### Task instructions
Type out the data exactly as given. Skip any image.

### Material provided
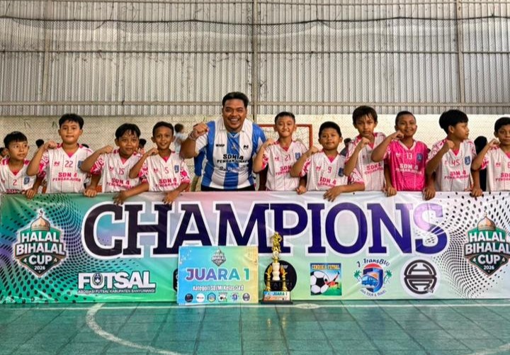 Banyuwangi Jawa Timur potensinusantara.co.id – Ajang turnamen futsal Halal Bihalal Cup 2026 untuk kategori SD/MI Kelas 3 dan 4 telah memasuki babak puncak yang digelar pada Sabtu, 18 April 2026. Dua laga penentuan digelar secara berurutan, di mana SDN 4 Penganjuran berhasil keluar sebagai juara pertama setelah menaklukkan lawannya di babak final dengan skor meyakinkan 2-0, untuk kemenangan SDN 4 Penganjuran
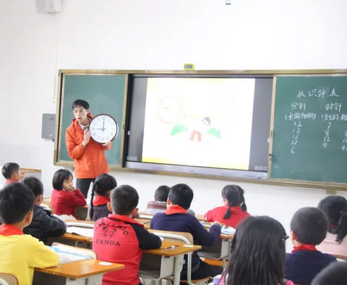 紧接着,学校两位青年老师也十分珍惜名师观课指导的机会,一展风采。关佳秀老师执教的《雪地里的小画家》,利用多媒体、实景贴图让学生直观感受课文,和蔼的教态、抑扬顿挫的语调,循序渐进,引导学生突破对生字、标点符号的语境应用以及词语积累。黄海棠老师执教“认识钟表”,利用实物钟表,正面突破“整点”、“半点”这个教学难点。精心设计的课堂练习,体现了趣味性和层次性、新知性与固性相结合的原则,取得了较好的效果。
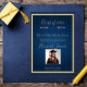 Anúncio de graduação em azul e ouro do marinho elegante com fontes de script de na moda e uma foto personalizável. Perfeito para celebrar a conquista do seu formando com um design clássico e sofisticado. Personalize para um toque pessoal!
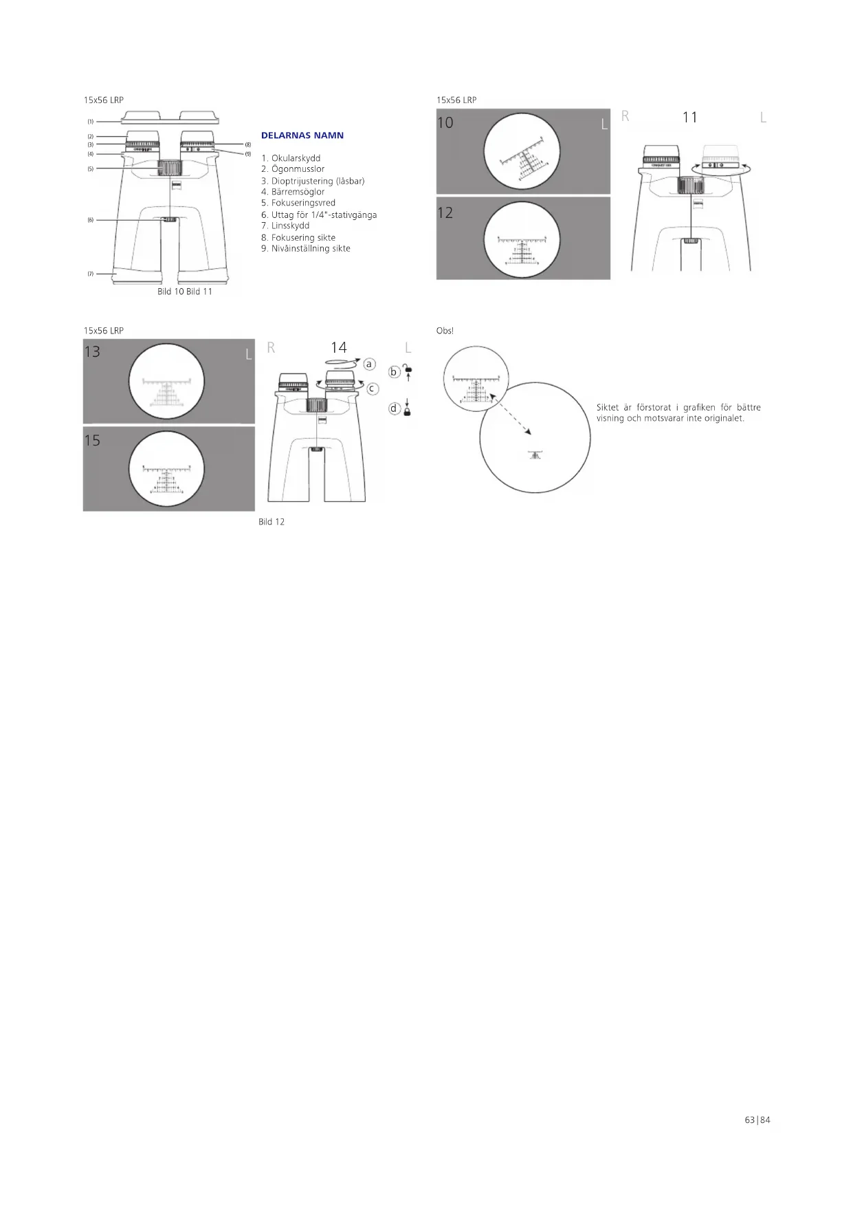 15x56 LRP Bild 10 Bild 11 Bild 12 Siktet är förstorat i graken för bättre visning och motsvarar inte originalet. Obs!64 | 84 BRUKSANVISNING Grattis till köpet av din nya kikare ZEISS CONQUEST HDX

### Task output
 Banyuwangi Jawa Timur potensinusantara.co.id – Ajang turnamen futsal Halal Bihalal Cup 2026 untuk kategori SD/MI Kelas 3 dan 4 telah memasuki babak puncak yang digelar pada Sabtu, 18 April 2026. Dua laga penentuan digelar secara berurutan, di mana SDN 4 Penganjuran berhasil keluar sebagai juara pertama setelah menaklukkan lawannya di babak final dengan skor meyakinkan 2-0, untuk kemenangan SDN 4 Penganjuran
 紧接着,学校两位青年老师也十分珍惜名师观课指导的机会,一展风采。关佳秀老师执教的《雪地里的小画家》,利用多媒体、实景贴图让学生直观感受课文,和蔼的教态、抑扬顿挫的语调,循序渐进,引导学生突破对生字、标点符号的语境应用以及词语积累。黄海棠老师执教“认识钟表”,利用实物钟表,正面突破“整点”、“半点”这个教学难点。精心设计的课堂练习,体现了趣味性和层次性、新知性与固性相结合的原则,取得了较好的效果。
 Anúncio de graduação em azul e ouro do marinho elegante com fontes de script de na moda e uma foto personalizável. Perfeito para celebrar a conquista do seu formando com um design clássico e sofisticado. Personalize para um toque pessoal!
 15x56 LRP Bild 10 Bild 11 Bild 12 Siktet är förstorat i graken för bättre visning och motsvarar inte originalet. Obs!64 | 84 BRUKSANVISNING Grattis till köpet av din nya kikare ZEISS CONQUEST HDX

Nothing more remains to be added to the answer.